Aiming at the problem that existing deep learning models often accompany a surge in parameter volume when pursuing feature extraction capability and are difficult to deploy on resource-constrained devices, this paper proposes a motor bearing fault diagnosis method based on Disentangle-and-Aggregate Feature Learning Network (DAFNet). This method directly takes raw one-dimensional vibration signals as input, and extensive comparative experiments and generalization performance verification were conducted on the CWRU dataset, mainly drawing the following conclusions:

By introducing the “disentangle-and-aggregate” mechanism, DAFNet changed the pattern of traditional CNNs improving performance purely by stacking layers, breaking the positive correlation contradiction between network depth and parameter volume. Experiments show that the network successfully avoided parameter redundancy while effectively utilizing shallow details, medium context, and deep semantic information.
It achieved extreme inference efficiency and low computational energy consumption, meeting industrial real-time requirements.
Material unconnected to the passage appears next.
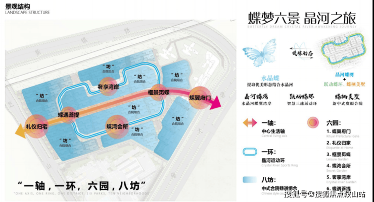 ——以“一轴”“一环”“六园”“八坊”为设计核心,打造中式园林,景观层层递进,营造出“蝶梦六景,晶河之旅”的归家体验。
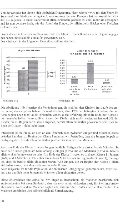 Auch am Ende der Klasse 1 gehen Jungen deutlich häufiger allein einkaufen als Mädchen. In einer der Klassen gaben am Schulanfang 7 Jungen(41%) und ein Mädchen(11%) an, bereits allein einkaufen gewesen zu sein. Am Ende der Klasse 1 waren es in dieser Klasse 11 Jungen (46%) und 1 Mädchen(11%- aber ein anderes Mädchen als zu Beginn der Klasse 1), die sagten, dass sie bereits allein einkaufen waren. Alle Jungen, die zu Beginn der Klasse 1 allein einkaufen waren, taten dies auch am Ende der Klasse 1.

In the efficiency comparison experiment, DAFNet showed an overwhelming advantage. Its parameter count is only about 42,000, computational complexity is as low as 0.1 MFlops, and inference speed reaches up to 8,755.51 FPS, which is 6.6 ~ 140 times that of other comparison networks. This indicates that the model greatly reduced the dependence on hardware computing power and can realize real-time fault diagnosis on embedded edge devices with extremely low energy consumption.
It broke through the performance bottleneck of lightweight models and achieved the optimal balance between accuracy and speed. Although existing methods on the CWRU dataset generally perform well, DAFNet still maintained an average diagnostic accuracy of 100% while compressing the model to the extreme, and showed generalization ability superior to or on par with other mainstream lightweight models in cross-condition experiments. This result confirms that DAFNet does not simply sacrifice accuracy for speed, but achieves complete expression of fault features under a minimalist architecture through an efficient feature fusion mechanism, providing an efficient and reliable theoretical basis and technical scheme for intelligent operation and maintenance of motor bearings in the context of Industrial Internet of Things.